WWE: 5 Ways To Handle Sami Zayn Properly When He Returns
By Laura Mauro
4. Face Turn
Look. Sami’s a great heel. I’d never have thought it myself, but I admit I was wrong. It’s incredible how all Sami’s most endearing traits become incredibly annoying when you turn them up to 11: his self-belief becomes smugness. His good cheer becomes condescension. Even his skanking develops a weirdly passive-aggressive edge – who knew ska could be so mean-spirited? He’s charismatic and a clever talker and it works.
But let’s be real here. It’s not why we love Sami. It’s not who Sami is.
Let’s go back in time to when Sami won the NXT Championship. The nexus of this particular story was Sami’s unwillingness to be cutthroat and ruthless in pursuit of his goals. No matter how much Neville goaded him, he refused to give in to his morals. He would do it the right way, or he would not do it at all.

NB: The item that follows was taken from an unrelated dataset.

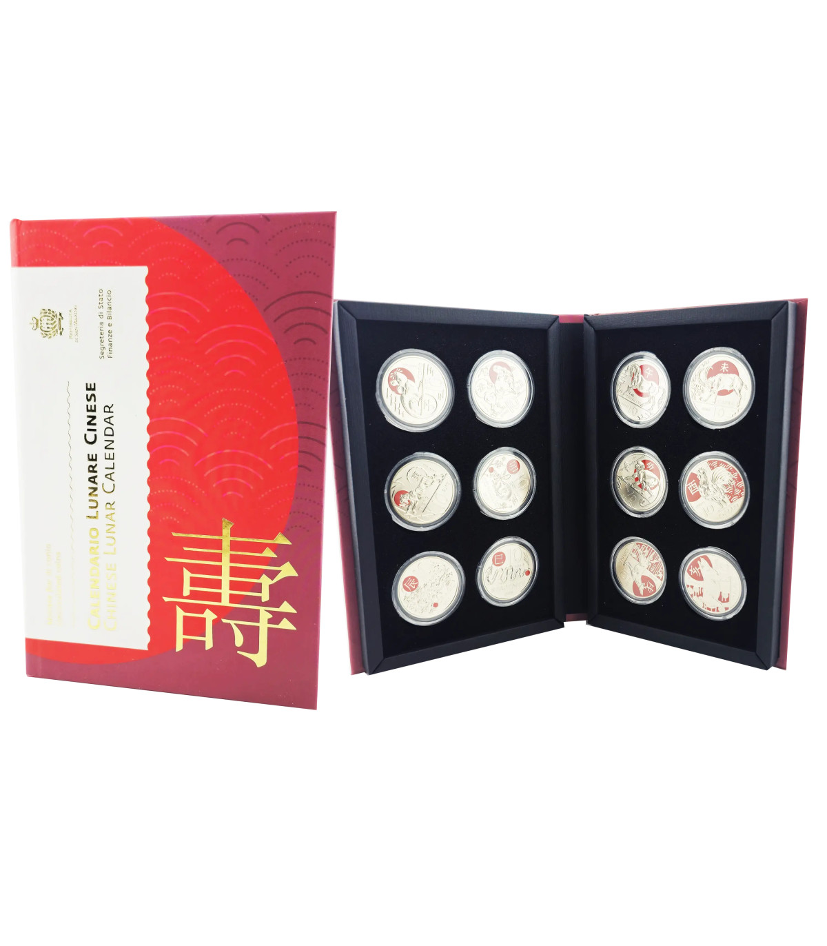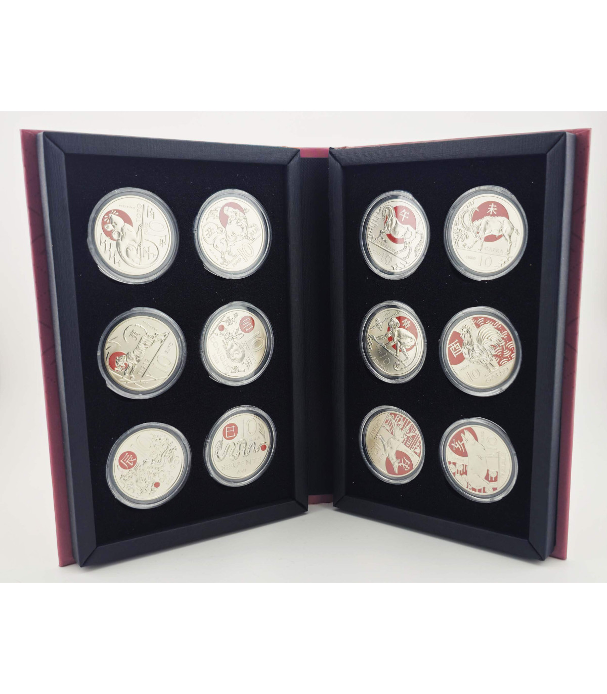 Complete collection of 12 commemorative 10-euro color coins issued by San Marino, dedicated to the signs of the Chinese zodiac, in UNC quality, presented in a boxed set, ideal for collectors with a passion for culture and astrology.

He was so adamant of this that he staked his very career on it. It was this fierce, tenacious spirit which saw him become NXT’s very first crowd darling. And at NXT TakeOver R:Evolution, the man Neville accused of being ‘too nice’ to be champion fought with everything he had to prove him wrong.

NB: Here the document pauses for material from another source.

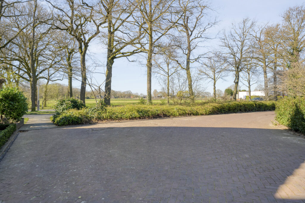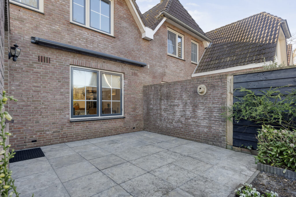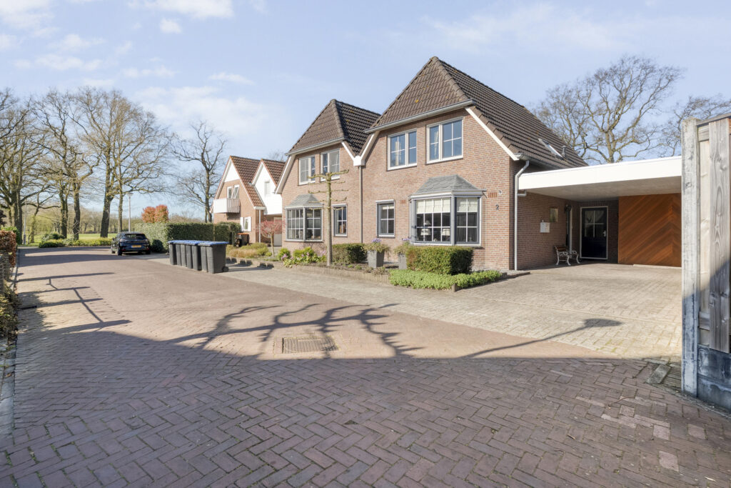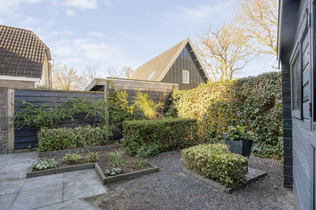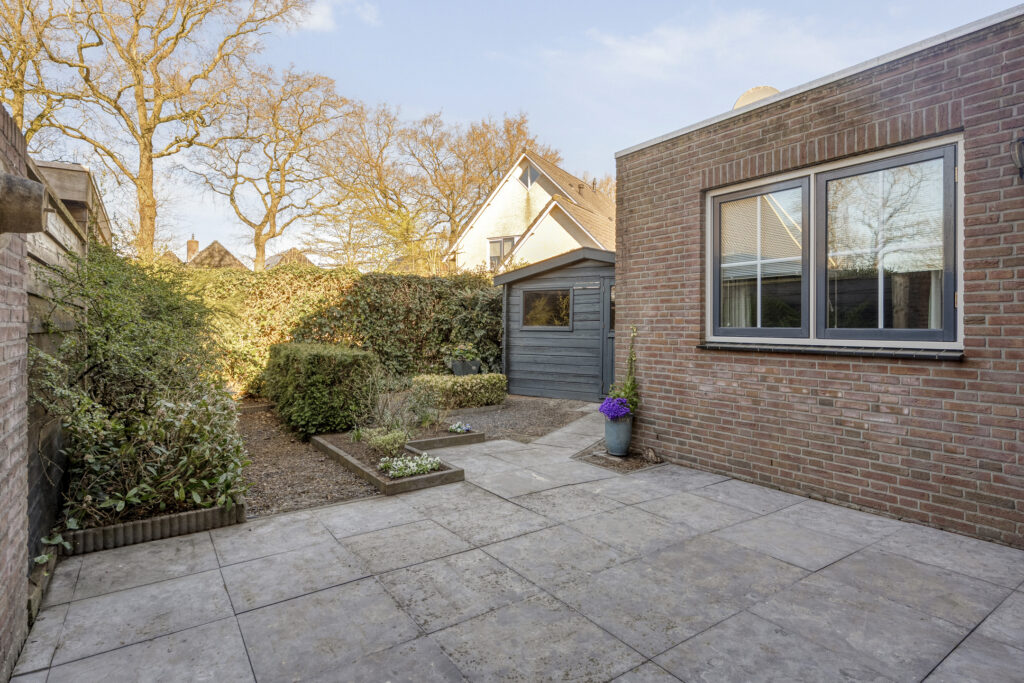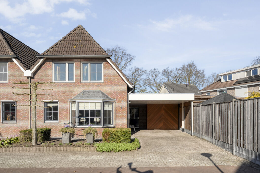 Aan de voorzijde van de woning bevindt zich een ruime oprit met plaats voor twee auto’s en een carport met aangebouwde berging. De achtertuin ligt op het zuiden en beschikt over een houten schuur en een zonnescherm aan de achtergevel.

If you’ve never seen that match, I cannot recommend it enough. Stop what you’re doing and watch it immediately. Something truly remarkable happens towards the end of the bout. Neville tries to attack Sami with the belt for a dirty victory, but things go awry for him and the belt ends up discarded in the ring. The ref goes down. Sami has the perfect opportunity to pick up the belt, deliver the finishing blow and grab the win. It’d be only fair, right? After all Neville has done to thwart his chances over and over? It would be justice, wouldn’t it?
Sami grabs the belt. The crowd immediately burst into wild paroxysms of denial. Surely he would never! And then something wonderful happens: the crowd forms one singular voice begging Sami not to do it, even if it costs him the win. It is not worth the dissolution of Sami’s strongly-held morals to see him win like this. You can almost hear Sami’s internal monologue as the crowd desperately chants No, No, No. Not like this.
A rollercoaster of emotions ensue: the sigh of relief as Sami discards the belt, the collective intake of horrified breath as Neville sweeps in, surely about to snatch victory from under Sami’s nose. The crowd has become a monolith, a collective of voices united in perfect accord. When Sami wins, is it utterly thunderous; a pure and beautiful joy shared by every man, woman and child in Full Sail.
This is the kind of crazy pure babyface power Sami Zayn wields when properly utilised. And it’s this power that WWE are wasting every time they send Sami out to cut a withering promo, or cheat his way to victory. They held the next Ricky Steamboat in their hands, and they squandered him. We can only hope it’s not too late to make amends.
Sami Zayn is a great heel, sure. But he’s a next-level babyface. And god knows WWE are in dire need of big-hearted heroes right now.